The commonality here is well-illustrated by the fact that many art forgeries are obvious–if scrutinized in a novel way. For instance, the linked piece on art forgery discusses forger Wolfgang Baltracchi, who was exposed via chemical analysis of the pigments he used. His forgery of a 1914 painting used a titanium-based pigment that didn’t exist in 1914. From a visual perspective, it’s not at all obvious that the painting is a fake. But from the perspective of chemical analysis, the fakery is laughably obvious. Chemical analysis of pigments wasn’t a routine method of scrutiny when Baltracchi forged the painting in question; the chemical analysis was only conducted decades later. Something similar seems to have happened in the scientific fraud case I linked to last week. The fake odometer data were originally written up for publication in 2012. The fake data weren’t shared publicly until 2020, in association with a paper that failed to replicate the 2012 result. Data sharing, and replication attempts, are a lot more common now than they were in 2012. They’re novel forms of scrutiny to which the 2012 paper wasn’t originally subjected.
This is a general principle of fraud in all walks of life.
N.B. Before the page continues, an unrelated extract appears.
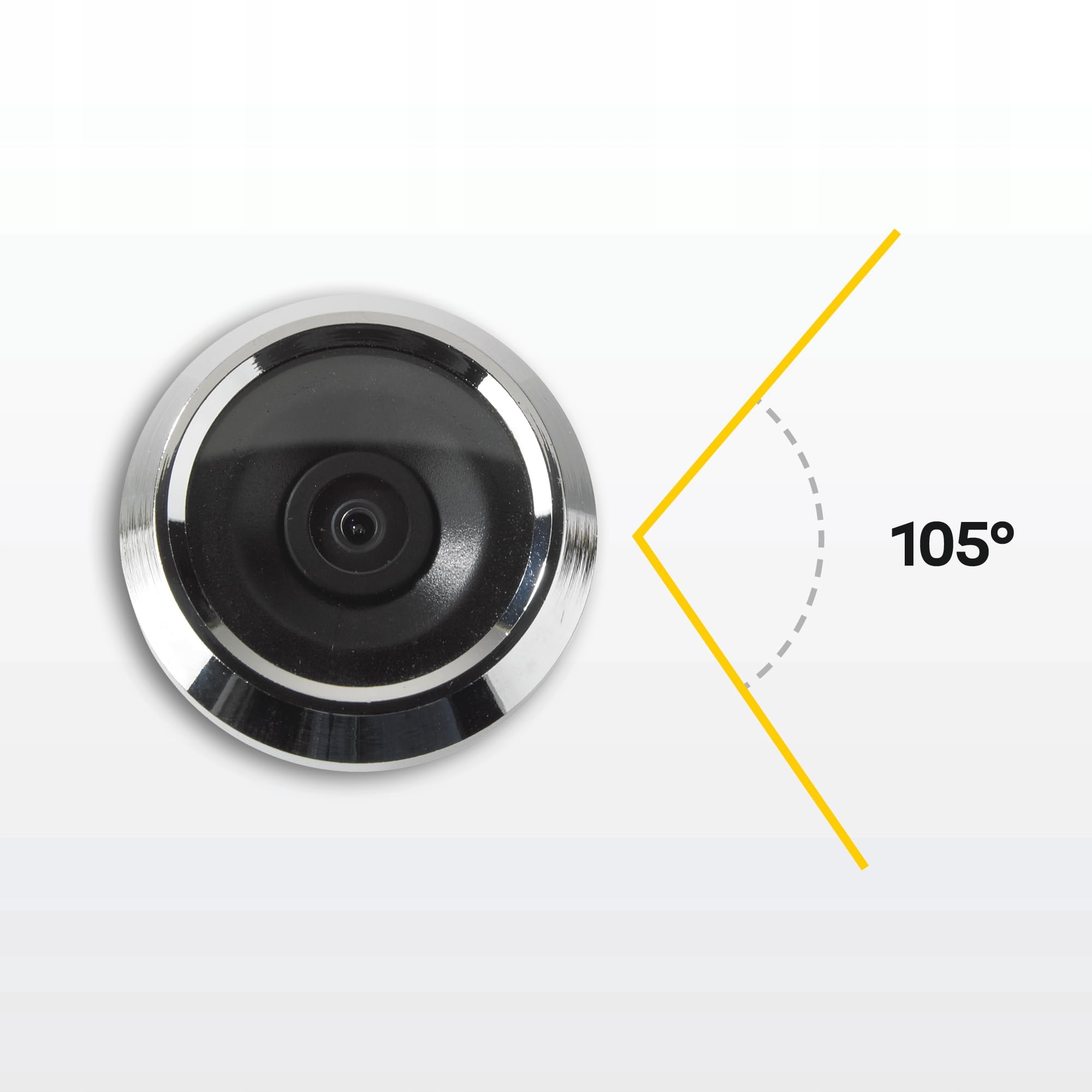 CYFROWY STANDARDOWY WIZJER DRZWIOWY: Dzięki podglądowi na żywo, elastycznemu dopasowaniu do różnych drzwi w twoim domu oraz kątowi widzenia 105 stopni zawsze wiesz, kto stoi przed twoimi drzwiami, dzięki czemu możesz być spokojny

Frauds are usually only designed to beat whatever fraud-prevention measures the fraudster knows they’re likely to be subjected to. Hence Dan Davies’ “Golden Rule” of financial fraud detection, which applies to non-financial frauds as well. Paraphrasing, the rule says, in part, that if you think something might be fake, you need to check it out in a way it hasn’t already been checked.
p.s. Before anyone points it out: yes, there are some fraudsters in science, and other walks of life, whose frauds aren’t designed to stand up to the scrutiny to which the fraudster knows they’ll be subject. For instance, consider plagiarism by undergraduate students. I talk to my undergraduate biostats students at length about what plagiarism is, and why it’s against university rules. I tell them that I have ways of detecting plagiarism on lab assignments, even if they plagiarize from an old assignment in an online repository, or only plagiarize part of the assignment, or plagiarize from someone in a different lab section, or paraphrase to try to hide their plagiarism, or etc. I point out the various resources that are available to support them if they’re struggling with their coursework, and encourage them to use those resources rather than resorting to plagiarism. And I tell them that, every semester, I give this same speech and still catch some students plagiarizing lab assignments. And yet, every semester I catch some students who committed plagiarism anyway, and it’s often dead obvious. I don’t know why they do it, and I’ve given up trying to understand it. People aren’t always rational. Sometimes they aren’t even “predictably irrational“.* Sometimes they’re just panicked, or lazy, or drunk, or dumb, or whatever. And sometimes, people act in ways that are completely inscrutable. The point of this post is that the obviousness of many scientific frauds has a rational explanation (nobody’s likely to check for fraud), not that the obviousness of scientific frauds always has a rational explanation.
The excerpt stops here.